Entries shown.
################
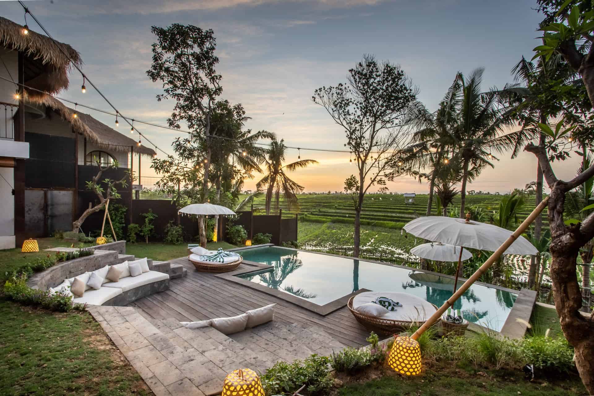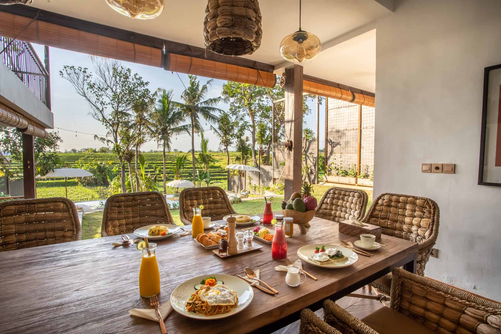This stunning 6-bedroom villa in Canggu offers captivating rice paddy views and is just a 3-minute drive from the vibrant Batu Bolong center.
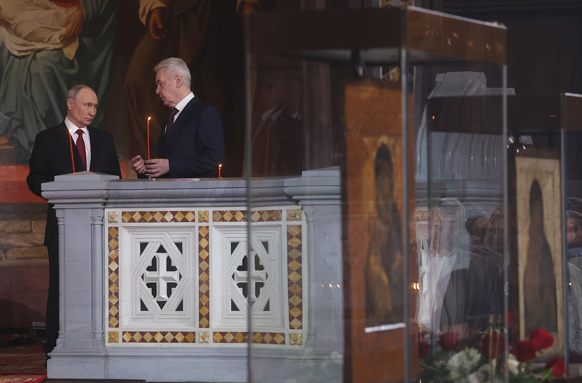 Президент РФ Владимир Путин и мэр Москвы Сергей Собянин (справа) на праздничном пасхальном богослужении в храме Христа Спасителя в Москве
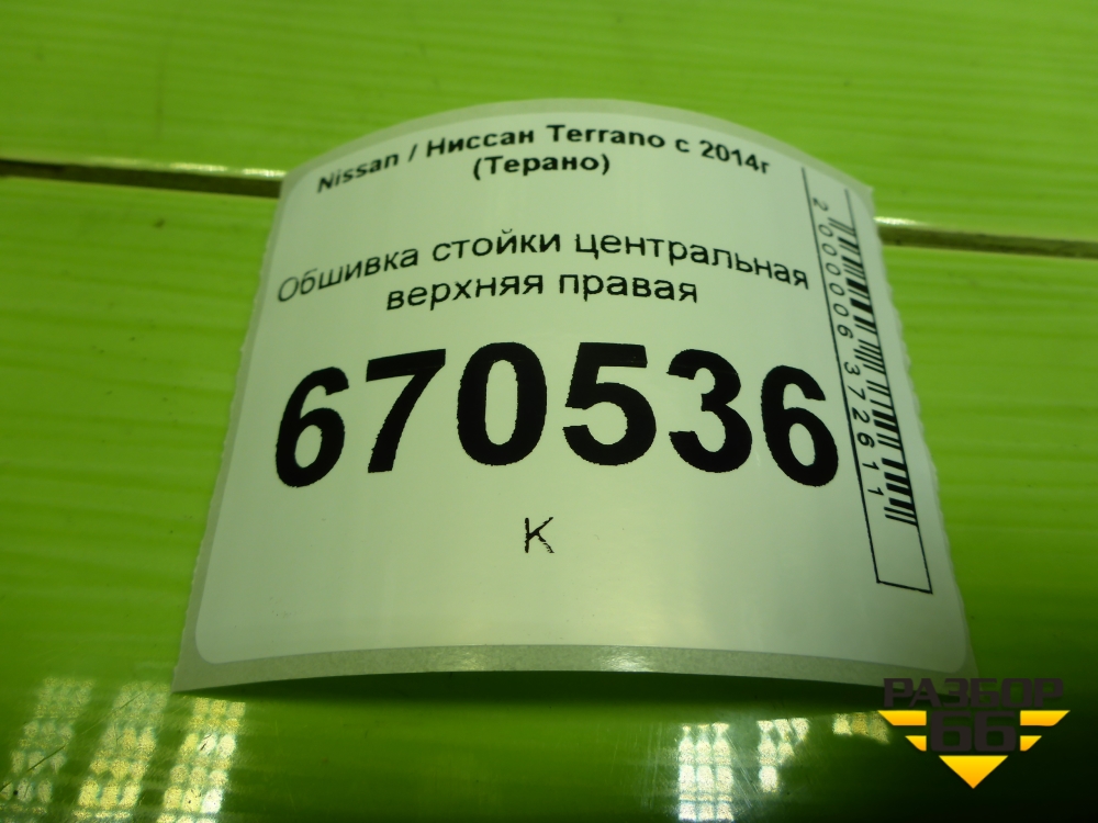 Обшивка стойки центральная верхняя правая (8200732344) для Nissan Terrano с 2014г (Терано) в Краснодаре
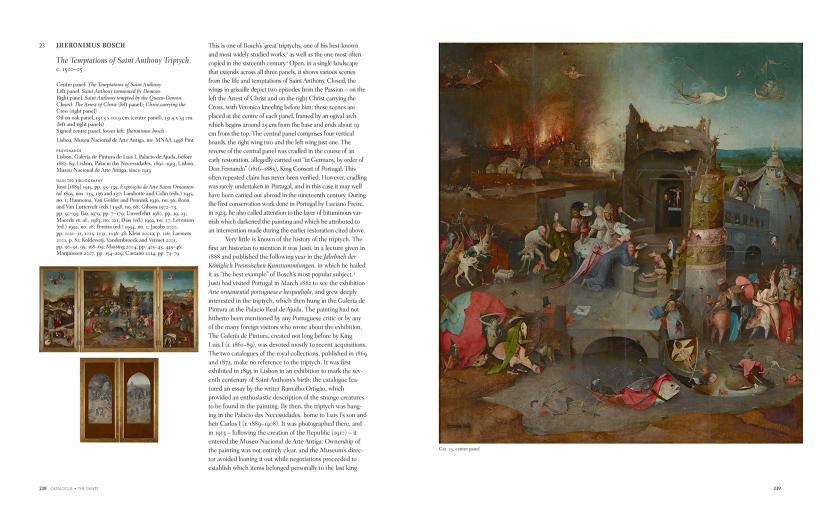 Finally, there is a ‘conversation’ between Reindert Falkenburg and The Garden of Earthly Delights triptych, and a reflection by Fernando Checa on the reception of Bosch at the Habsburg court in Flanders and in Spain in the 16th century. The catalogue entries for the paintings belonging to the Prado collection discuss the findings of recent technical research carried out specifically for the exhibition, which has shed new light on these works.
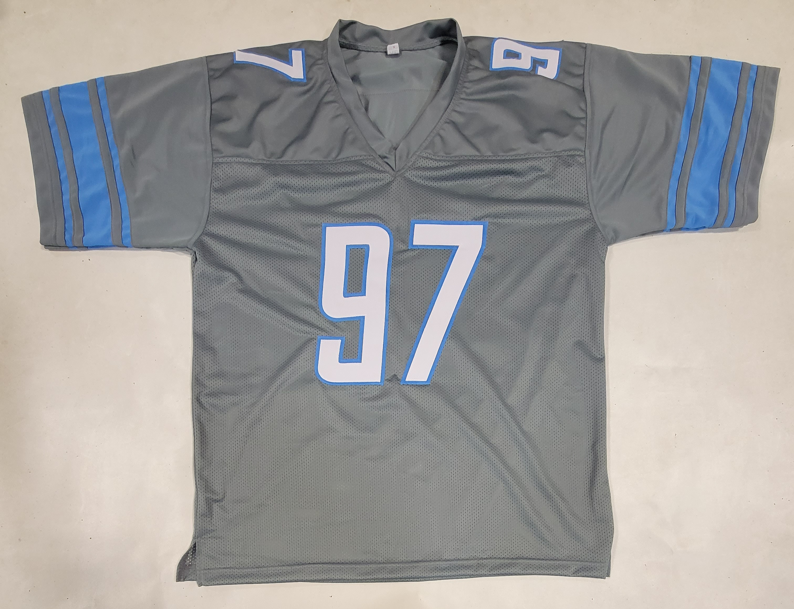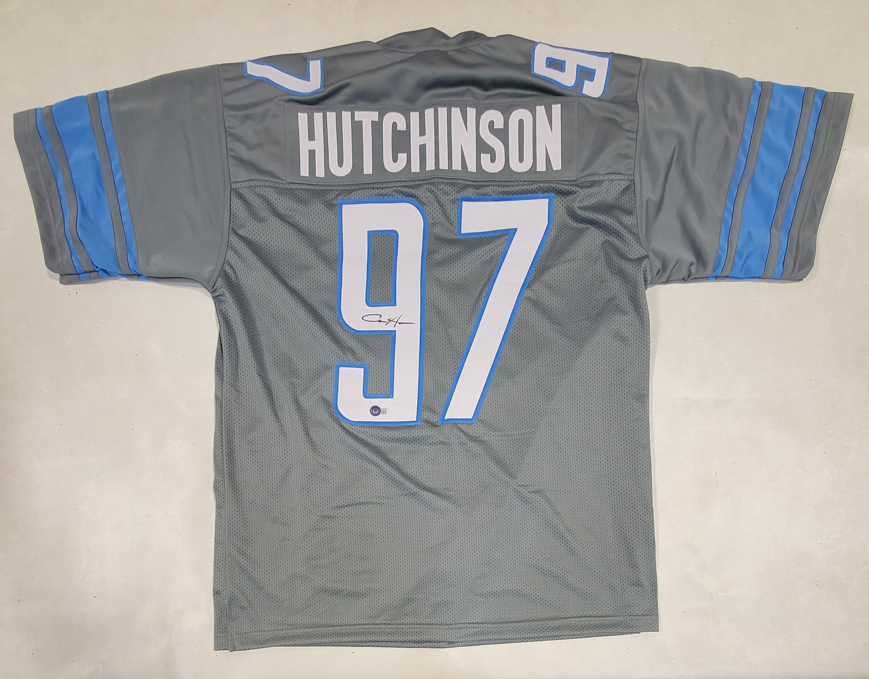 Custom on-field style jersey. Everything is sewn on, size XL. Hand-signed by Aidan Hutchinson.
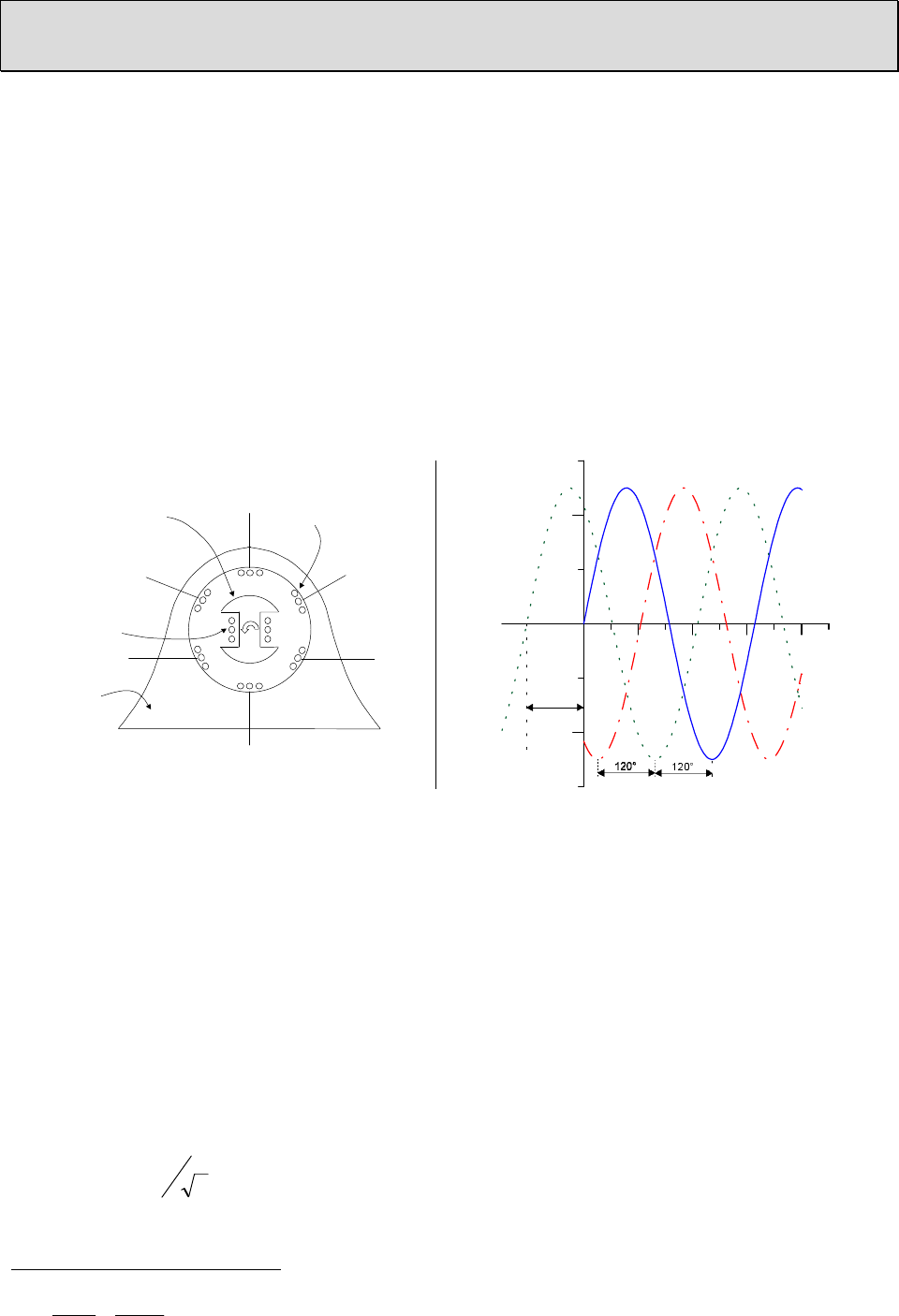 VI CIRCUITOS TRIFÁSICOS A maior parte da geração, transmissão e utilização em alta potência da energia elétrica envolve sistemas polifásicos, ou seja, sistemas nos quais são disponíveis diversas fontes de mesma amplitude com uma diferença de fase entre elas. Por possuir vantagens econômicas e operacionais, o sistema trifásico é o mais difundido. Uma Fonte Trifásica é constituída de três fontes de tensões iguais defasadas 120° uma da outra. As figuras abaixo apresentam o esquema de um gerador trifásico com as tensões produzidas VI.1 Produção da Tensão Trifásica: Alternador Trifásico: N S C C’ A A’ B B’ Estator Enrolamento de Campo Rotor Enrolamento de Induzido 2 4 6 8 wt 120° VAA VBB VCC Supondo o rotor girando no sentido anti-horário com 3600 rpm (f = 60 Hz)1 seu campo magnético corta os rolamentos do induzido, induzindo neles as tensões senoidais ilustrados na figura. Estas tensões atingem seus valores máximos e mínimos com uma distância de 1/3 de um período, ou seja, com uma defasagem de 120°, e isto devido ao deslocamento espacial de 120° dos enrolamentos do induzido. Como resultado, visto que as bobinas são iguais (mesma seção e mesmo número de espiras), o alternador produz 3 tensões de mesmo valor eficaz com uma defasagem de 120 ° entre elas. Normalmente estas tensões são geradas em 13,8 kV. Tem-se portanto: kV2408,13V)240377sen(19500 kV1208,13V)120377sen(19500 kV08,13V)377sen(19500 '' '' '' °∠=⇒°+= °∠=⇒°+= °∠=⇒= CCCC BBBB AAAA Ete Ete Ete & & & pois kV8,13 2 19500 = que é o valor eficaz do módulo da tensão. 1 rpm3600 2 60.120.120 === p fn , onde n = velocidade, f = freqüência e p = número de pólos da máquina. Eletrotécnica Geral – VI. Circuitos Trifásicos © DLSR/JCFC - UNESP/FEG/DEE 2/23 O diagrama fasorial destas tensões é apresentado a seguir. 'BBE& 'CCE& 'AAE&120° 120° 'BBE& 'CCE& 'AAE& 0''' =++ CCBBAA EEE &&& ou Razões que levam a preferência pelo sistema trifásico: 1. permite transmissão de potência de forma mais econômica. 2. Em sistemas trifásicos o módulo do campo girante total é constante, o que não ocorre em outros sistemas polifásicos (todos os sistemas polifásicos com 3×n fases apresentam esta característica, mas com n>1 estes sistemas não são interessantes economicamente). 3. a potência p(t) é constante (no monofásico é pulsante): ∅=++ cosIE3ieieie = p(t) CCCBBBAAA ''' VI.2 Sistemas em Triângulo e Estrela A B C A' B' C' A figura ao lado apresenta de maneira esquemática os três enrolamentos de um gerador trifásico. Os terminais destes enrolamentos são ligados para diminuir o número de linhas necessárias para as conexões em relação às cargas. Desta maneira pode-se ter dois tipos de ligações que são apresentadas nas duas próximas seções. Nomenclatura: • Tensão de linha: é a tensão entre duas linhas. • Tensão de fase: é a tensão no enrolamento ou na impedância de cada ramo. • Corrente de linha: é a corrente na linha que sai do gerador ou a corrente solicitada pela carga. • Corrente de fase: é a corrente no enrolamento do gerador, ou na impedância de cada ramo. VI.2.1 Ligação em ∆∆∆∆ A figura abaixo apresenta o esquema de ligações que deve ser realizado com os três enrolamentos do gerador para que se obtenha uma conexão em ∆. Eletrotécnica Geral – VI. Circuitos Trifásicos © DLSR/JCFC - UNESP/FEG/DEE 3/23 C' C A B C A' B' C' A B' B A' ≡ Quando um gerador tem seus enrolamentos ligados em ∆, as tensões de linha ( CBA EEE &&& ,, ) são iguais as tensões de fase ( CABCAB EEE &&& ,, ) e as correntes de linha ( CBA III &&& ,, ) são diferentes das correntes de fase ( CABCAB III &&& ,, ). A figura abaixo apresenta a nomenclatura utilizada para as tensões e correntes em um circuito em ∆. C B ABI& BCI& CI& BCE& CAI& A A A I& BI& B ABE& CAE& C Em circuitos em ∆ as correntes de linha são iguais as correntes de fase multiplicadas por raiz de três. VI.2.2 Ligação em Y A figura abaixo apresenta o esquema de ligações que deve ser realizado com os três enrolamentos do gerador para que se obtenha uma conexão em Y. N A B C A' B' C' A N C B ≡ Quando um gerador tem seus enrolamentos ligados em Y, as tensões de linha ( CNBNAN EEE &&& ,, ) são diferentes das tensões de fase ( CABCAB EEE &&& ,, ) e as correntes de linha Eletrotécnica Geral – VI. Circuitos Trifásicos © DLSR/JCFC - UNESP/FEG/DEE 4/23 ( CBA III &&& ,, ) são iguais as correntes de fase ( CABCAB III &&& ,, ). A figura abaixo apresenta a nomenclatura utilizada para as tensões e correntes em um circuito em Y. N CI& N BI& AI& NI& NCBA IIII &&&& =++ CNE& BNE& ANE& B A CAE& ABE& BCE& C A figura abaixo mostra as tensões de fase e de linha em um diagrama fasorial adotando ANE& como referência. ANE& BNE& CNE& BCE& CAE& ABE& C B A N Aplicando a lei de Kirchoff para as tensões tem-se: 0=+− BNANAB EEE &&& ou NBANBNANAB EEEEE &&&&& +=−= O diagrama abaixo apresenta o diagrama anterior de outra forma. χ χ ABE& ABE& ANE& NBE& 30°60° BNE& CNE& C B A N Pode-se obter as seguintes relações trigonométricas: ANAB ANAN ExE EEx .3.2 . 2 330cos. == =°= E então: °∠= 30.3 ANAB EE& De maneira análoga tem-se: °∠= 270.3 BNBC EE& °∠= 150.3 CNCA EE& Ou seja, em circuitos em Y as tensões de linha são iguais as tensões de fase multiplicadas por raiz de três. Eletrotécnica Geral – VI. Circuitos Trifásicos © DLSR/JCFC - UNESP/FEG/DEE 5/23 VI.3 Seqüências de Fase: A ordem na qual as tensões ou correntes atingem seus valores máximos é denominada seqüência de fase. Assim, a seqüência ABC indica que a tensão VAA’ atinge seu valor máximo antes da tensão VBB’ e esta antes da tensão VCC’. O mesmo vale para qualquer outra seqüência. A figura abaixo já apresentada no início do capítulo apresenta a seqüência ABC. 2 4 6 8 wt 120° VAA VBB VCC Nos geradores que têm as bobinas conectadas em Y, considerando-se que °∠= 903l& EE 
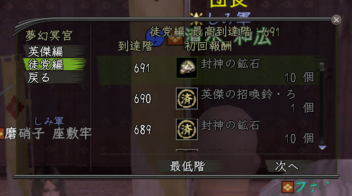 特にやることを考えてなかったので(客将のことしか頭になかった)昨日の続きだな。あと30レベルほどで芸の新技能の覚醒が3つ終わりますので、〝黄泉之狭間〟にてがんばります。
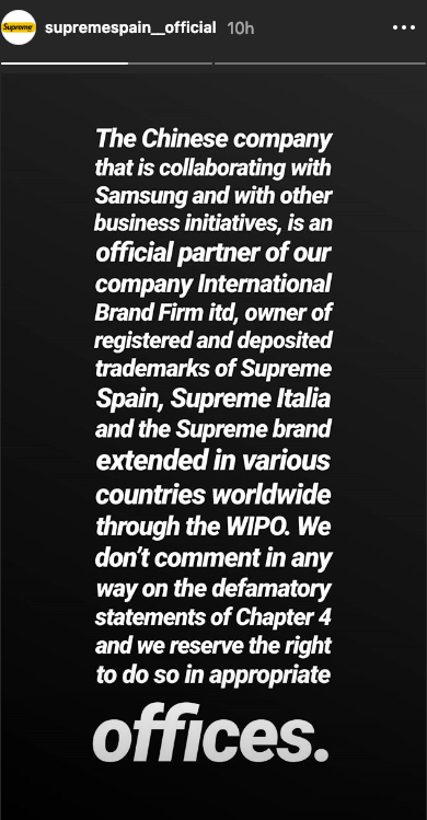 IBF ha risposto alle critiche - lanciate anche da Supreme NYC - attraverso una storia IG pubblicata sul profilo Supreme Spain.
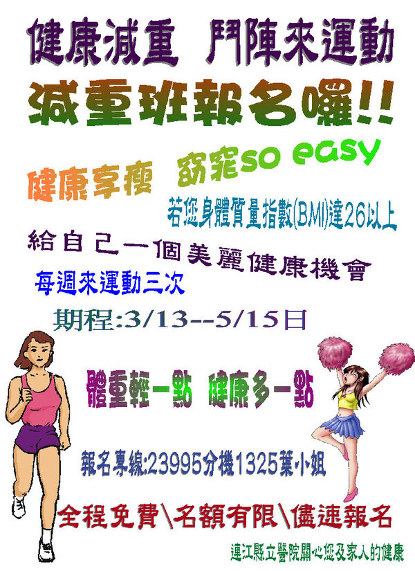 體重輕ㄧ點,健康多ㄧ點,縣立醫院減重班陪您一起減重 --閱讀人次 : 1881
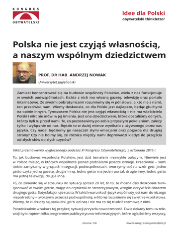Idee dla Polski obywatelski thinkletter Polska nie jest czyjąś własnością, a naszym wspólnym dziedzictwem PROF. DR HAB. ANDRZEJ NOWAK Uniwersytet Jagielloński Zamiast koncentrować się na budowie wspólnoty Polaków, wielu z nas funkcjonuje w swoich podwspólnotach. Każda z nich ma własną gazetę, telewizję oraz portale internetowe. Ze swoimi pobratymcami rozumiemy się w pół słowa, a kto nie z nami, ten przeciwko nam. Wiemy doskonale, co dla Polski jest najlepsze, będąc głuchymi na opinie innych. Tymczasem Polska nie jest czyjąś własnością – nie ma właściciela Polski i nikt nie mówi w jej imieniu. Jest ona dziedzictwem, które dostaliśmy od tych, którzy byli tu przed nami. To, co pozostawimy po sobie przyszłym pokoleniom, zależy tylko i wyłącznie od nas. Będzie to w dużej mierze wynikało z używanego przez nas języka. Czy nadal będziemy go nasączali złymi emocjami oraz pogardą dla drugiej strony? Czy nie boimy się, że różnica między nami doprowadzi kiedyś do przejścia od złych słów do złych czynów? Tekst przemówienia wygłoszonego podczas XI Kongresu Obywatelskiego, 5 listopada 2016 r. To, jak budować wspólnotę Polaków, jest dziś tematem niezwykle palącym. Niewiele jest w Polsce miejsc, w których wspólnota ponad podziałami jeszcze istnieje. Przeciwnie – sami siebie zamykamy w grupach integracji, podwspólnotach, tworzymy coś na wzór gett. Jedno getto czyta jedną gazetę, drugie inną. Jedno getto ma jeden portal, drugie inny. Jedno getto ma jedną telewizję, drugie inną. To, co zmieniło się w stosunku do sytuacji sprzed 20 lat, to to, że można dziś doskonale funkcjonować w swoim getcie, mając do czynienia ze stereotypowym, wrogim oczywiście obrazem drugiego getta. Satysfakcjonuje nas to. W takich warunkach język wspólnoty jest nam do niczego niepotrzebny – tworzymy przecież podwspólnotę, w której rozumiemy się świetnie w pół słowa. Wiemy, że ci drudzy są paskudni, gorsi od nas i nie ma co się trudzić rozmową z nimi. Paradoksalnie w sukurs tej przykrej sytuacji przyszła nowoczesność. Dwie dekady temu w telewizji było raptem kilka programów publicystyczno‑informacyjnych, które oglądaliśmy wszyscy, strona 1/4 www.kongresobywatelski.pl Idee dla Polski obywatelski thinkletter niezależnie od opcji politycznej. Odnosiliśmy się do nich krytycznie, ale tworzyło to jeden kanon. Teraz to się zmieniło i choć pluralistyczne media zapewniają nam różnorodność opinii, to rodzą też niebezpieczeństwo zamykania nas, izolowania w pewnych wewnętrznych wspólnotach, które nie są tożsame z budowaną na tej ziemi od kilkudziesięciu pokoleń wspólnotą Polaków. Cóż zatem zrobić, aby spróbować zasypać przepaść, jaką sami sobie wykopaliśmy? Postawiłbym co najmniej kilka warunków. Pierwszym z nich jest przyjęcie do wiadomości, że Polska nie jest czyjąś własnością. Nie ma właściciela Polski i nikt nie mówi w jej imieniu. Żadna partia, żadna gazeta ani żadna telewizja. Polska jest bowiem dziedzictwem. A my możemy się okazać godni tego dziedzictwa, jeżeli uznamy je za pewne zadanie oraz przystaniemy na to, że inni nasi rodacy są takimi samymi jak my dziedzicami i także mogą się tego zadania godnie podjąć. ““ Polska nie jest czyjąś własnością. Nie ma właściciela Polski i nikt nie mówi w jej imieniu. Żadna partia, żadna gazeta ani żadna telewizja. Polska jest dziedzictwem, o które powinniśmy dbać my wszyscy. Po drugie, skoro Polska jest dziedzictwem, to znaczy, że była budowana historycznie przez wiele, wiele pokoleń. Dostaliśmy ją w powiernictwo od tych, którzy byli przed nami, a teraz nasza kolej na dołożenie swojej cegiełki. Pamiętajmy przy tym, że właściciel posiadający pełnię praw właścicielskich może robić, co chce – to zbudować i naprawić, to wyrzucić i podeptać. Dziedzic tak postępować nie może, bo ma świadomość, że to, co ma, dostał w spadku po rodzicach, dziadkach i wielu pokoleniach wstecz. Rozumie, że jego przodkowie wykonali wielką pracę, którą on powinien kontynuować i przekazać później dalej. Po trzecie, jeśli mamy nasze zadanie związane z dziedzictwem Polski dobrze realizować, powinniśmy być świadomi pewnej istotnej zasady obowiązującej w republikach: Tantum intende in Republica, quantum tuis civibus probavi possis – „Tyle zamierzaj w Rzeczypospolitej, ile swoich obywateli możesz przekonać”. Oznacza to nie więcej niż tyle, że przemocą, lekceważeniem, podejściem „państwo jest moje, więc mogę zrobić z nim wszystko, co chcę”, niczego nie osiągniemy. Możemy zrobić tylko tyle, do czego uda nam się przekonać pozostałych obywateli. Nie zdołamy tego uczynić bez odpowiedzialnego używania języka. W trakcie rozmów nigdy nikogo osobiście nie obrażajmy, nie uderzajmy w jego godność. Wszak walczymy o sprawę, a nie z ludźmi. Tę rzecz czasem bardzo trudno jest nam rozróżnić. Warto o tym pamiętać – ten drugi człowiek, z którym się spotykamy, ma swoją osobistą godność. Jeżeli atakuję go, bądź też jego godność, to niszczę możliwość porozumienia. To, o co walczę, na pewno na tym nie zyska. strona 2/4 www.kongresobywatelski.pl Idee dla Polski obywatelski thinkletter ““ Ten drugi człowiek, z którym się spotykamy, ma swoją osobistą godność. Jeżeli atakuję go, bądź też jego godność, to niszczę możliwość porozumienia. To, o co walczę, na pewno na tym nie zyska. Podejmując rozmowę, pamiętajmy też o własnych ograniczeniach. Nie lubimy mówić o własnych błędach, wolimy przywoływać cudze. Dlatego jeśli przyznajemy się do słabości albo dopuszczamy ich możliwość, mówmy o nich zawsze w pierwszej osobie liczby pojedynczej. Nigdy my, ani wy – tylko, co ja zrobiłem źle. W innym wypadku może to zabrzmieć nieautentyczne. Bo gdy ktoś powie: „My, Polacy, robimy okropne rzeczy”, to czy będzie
################
Problem to work on.
Would you transcribe the lines above exactly, going from the line bearing "Президент РФ Владимир" through the line bearing "Finally, there is", and drop the pictures from the copy?

Task solution.
 Президент РФ Владимир Путин и мэр Москвы Сергей Собянин (справа) на праздничном пасхальном богослужении в храме Христа Спасителя в Москве
 Обшивка стойки центральная верхняя правая (8200732344) для Nissan Terrano с 2014г (Терано) в Краснодаре
 Finally, there is a ‘conversation’ between Reindert Falkenburg and The Garden of Earthly Delights triptych, and a reflection by Fernando Checa on the reception of Bosch at the Habsburg court in Flanders and in Spain in the 16th century. The catalogue entries for the paintings belonging to the Prado collection discuss the findings of recent technical research carried out specifically for the exhibition, which has shed new light on these works.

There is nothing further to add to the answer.